In a recent multi-center clinical study, the oral administration of glutathione (tradename Optitac) was shown to be effective against the onset and progression of NAFLD. In the study, 31 subjects with NAFLD were administered 300 mg daily of Optitac glutathione over a period of four months. Each subject was evaluated before and after using a process known as transient elastography with the aid of ultrasound to quantify the amount of fatty deposits and fibrosis of the liver. In addition, a variety of laboratory assessments of liver function were also performed.
Results showed that fatty infiltration of the liver was significantly improved as were blood measurements of liver enzymes, LDL cholesterol, triglycerides, free fatty acids, and ferritin levels.
Researchers concluded that the major clinical parameters and transient elastography were significantly improved by the treatment with glutathione. The hope is that this pilot study will lead to a large-scale clinical trial in future.

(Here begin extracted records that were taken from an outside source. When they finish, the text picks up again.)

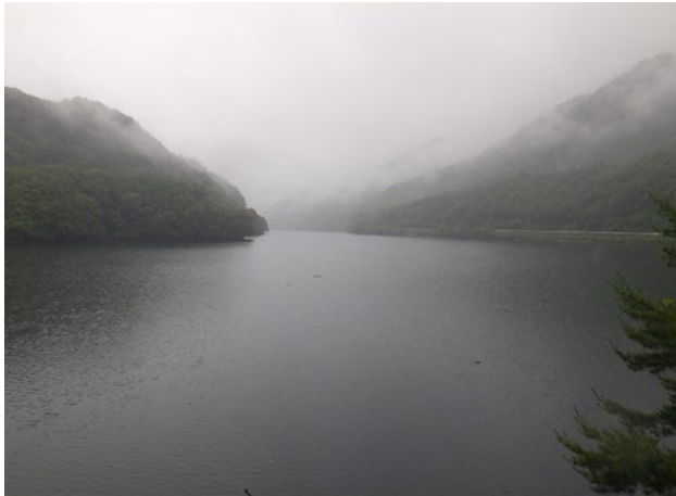
ダム諸量データ(令和3年7月2日 0時状況)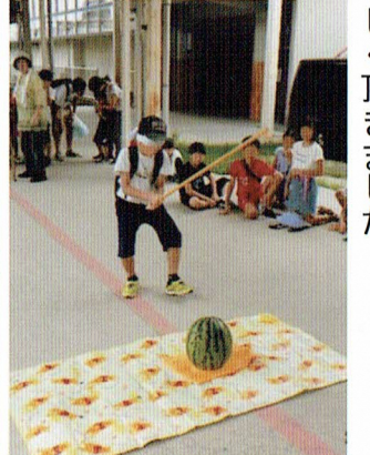
お命、頂戴しま…つた

サポーターの皆様は炭火で焼きあげて頂いたホッカイホカの焼いもに、子ども達はもちろん、保護者の方々も大満足でした。楽しい工作では七月の「水鉄砲」、十二月の「クリスタルツリー」。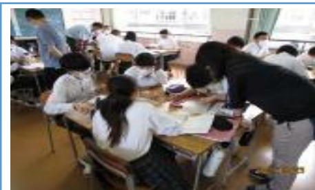
写真2：発表のための原稿づくりを行っている場面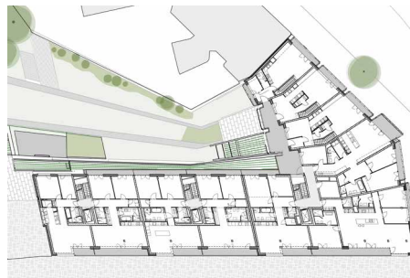
Grundriss 2. OG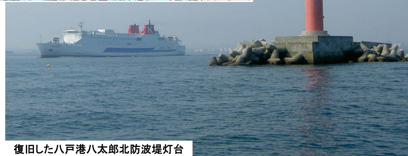
復旧した八戸港八太郎北防波堤灯台

東日本大震災の影響で使用できなくなっていた青森県八戸港八太郎北防波堤灯台が、3月11日に復旧し再点灯しました。この灯台は八戸港の中央港口に位置しており、付近を航行する貨物船やフェリーなどに港の位置を知らせる重要な役割を担っています。八戸海上保安部では未だ復旧していない八戸港白銀北防波堤灯台の再点灯を目指し、今後も復旧作業を進めていきます。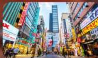
ซูปป์ิงชินจูกุ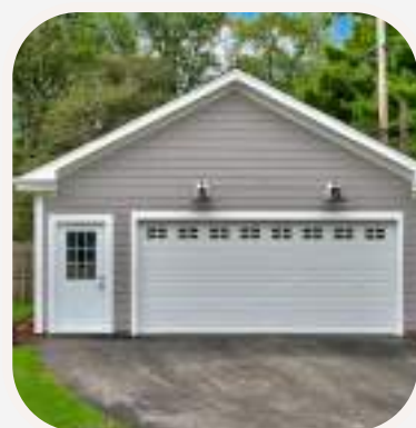
el garaje garázs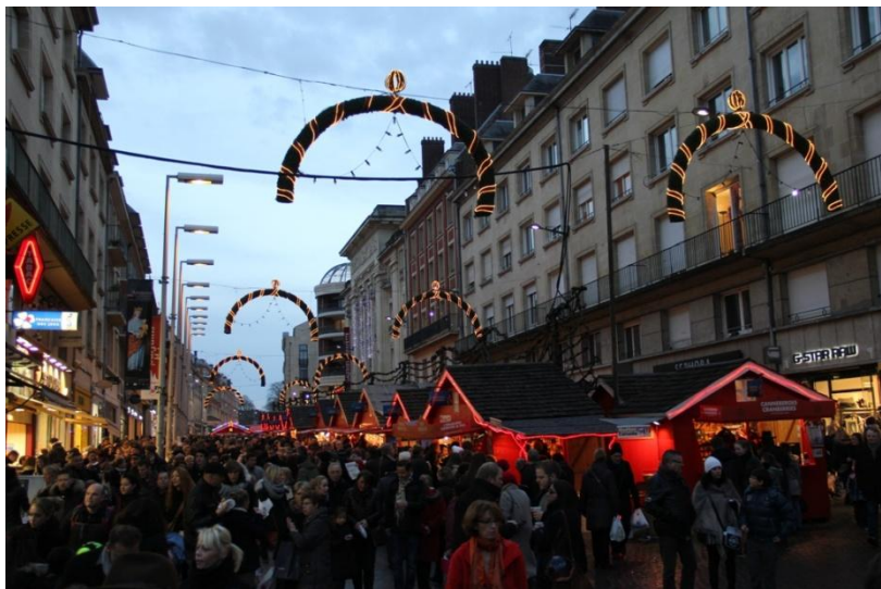
Marché de Noël Amiens 2013

(plus de détails seront donnés par voie d'affichage et distribution de tracts dans les boîtes aux lettres).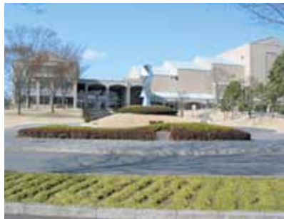
裾野市民文化センター

答 公募の際の選定基準には採用計画等を盛り込んだ。民間の事業計画書の中には双方の合意が図れば採用したいとの提案もある。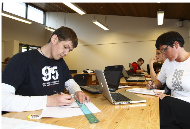
Nemendur við nám.

Skólabyrjun gekk afar vel, starfsmenn og nemendur ánægðir og áhugasamir.

This new study utilized Optitac, a reduced form of L-glutathione produced by Kohjin Life Sciences, Tokyo. It is produced naturally by a fermentation process from torula yeast. Optitac has been qualified for Generally Recognized As Safe status by the U.S. Food and Drug Administration (U.S. FDA GRAS notified GRN000293).
Kessoku T, Sumida Y, Imajo K, et al. Efficacy of Glutathione for the Treatment of Non-Alcoholic Fatty Liver Disease: An Open-Label, Multicenter, Prospective Study. J Hepatology 2016;64(2):S500.